I have a script that validates proper naming conventions in a large asset repository.
I generate a list of all file paths without problems.
but as I parse the file names, I get errors such as this:
# Error: UnicodeDecodeError: 'ascii' codec can't decode byte 0xc3 in position 81: ordinal not in range(128) #
I can skip over these by wrapping the parser in try/except and add the offending file paths to a list.
but I can’t print that list of offending file paths because the error crashes my script.
so if I have a list of file paths that I KNOW will cause this, how do I print them?
I haven’t actually solved this particular issue, but my guess is:
If you don’t know specifically how the data is encoded (likely UTF-8, but maybe not), you can’t reliably turn it into Unicode (that is, you can’t reliably print the actual value). Basically you have a byte array you want to turn into a string, but the normal translation (ascii) isn’t the correct one. You may be able to turn your values into Unicode by replacing the unknown bytes with another value, or removing them from the string entirely (using the unicode() constructor).

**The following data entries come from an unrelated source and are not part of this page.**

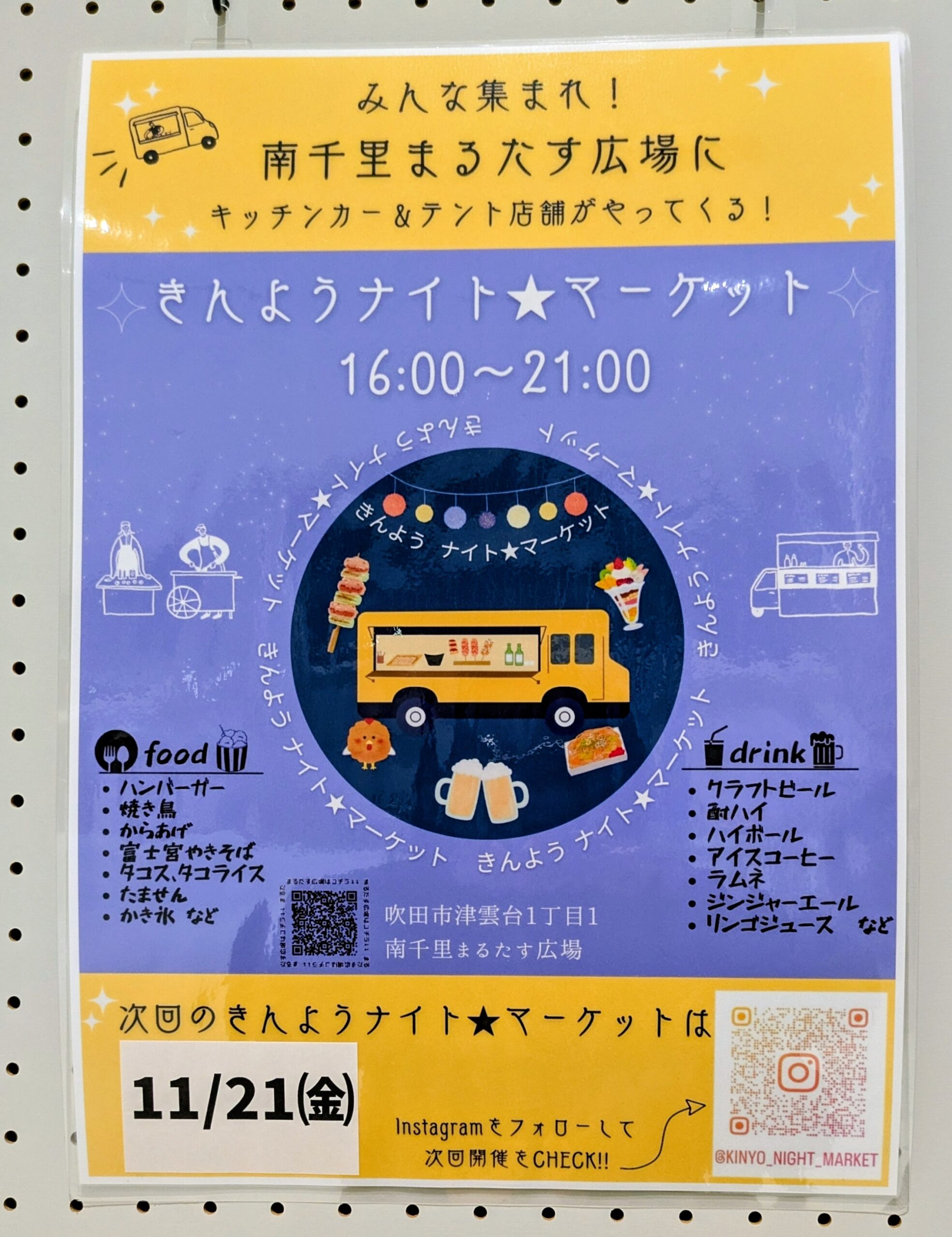 -吹田市-【まるたす広場】で年内最後の「きんようナイト★マーケット」開催 グルメ大集合 11月21日(金)
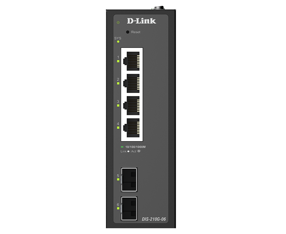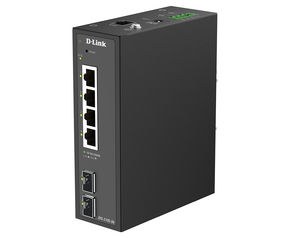 The DIS-210G-06 is an industrial smart switch equipped with four 1G ports and two 1G SFP ports for network management and aggregation. The SFP ports support long-distance data transmission, rapid failover redundancy, and throughput aggregation. The DIS-210G-06 supports ERPS and static routing, which reduces latency, enables effective traffic control, and improves network scalability and efficiency.
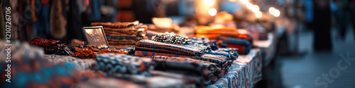 © Lila Patel, Fototapeta premium Assortment of Patterned Textiles and Jewelry at an Outdoor Market Stall
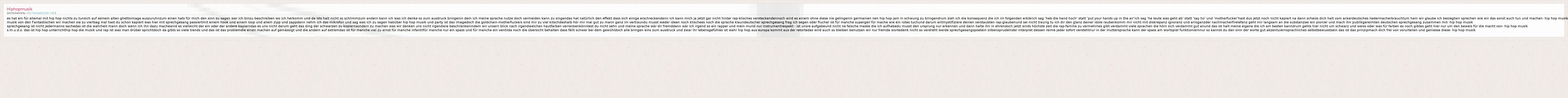 es hat ein für allemal mit hip hop nichts zu tunsich auf seinem alten ghettoimage auszuruhnzum einen hats für mich den sinn zu sagen wer ich binzu beschreiben wo ich herkomm und da ists halt nicht so schlimmzum andern kann ich was ich denke so zum ausdruck bringenin dem ich meine sprache nutze doch vermeiden kann zu singendas hat natürlich den effekt dass sich einige erschreckendenn ich kann mich ja jetzt gar nicht hinter rap-klisches versteckendennoch wird es einem ohne diese nie gelingenin germanien nen hip hop jam in schwung zu bringendrum zieh ich die konsequenz die ich im folgenden erklärich sag 'heb die hand hoch' statt 'put your hands up in the air'ich sag 'he leute was geht ab' statt 'say ho' und 'motherfucker'hast dus jetzt noch nicht kapiert na dann scheiss dich halt vom ackerdeutsches liedermacherbrauchtum ham wir glaube ich besiegtwir sprechen wie wir das sonst auch tun und machen- hip hop musik
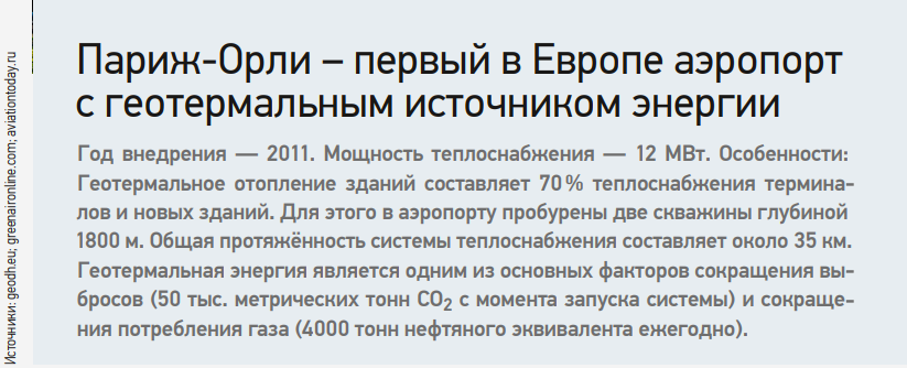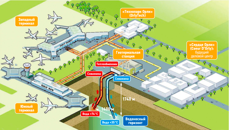 За последние годы несколько аэропортов мира начали использовать возобновляемую энергетику для теплоснабжения, хладоснабжения и выработки горячей воды: «Хитроу» в Лондоне, «Арланда» в Скандинавии, «Шарльде-Голль» в Париже, аэропорты в Бордо, Копенгагене, Франкфурте и др. Но именно Орли принадлежит европейское первенство использования геотермальной энергии из подземного водоносного горизонта, расположенного под территорией аэропорта.

This might print you a list of strings that you could manually use to track down the offending files:
for path in listOfOffendingFilepaths:
result = unicode(path, errors='replace') #or unicode(path, errors='ignore') to remove the bytes
print result
If for example ‘X’ is an invalid character, the string ‘c:/path/tXoX/file.obj’ would become u’c:/path/t/ufffo/ufff/file.obj’ or ‘c:/path/to/file.obj’, so the result is basically mangled and would need someone to manually interpret it.
Alternately you could attempt to decode it values by guessing the encoding, like:
for path in listOfOffendingFilepaths:
result = unicode(path, encoding='utf_8', errors='strict') #errors='strict' throws the 'UnicodeDecodeError' if it can't decode the value
print result
In which case if the encoding is indeed UTF-8, the actual value of the filepath can be printed.
Note that I haven’t actually tested any of the code, I’m just working off of the Python docs for Unicode support, but it may be a place to start.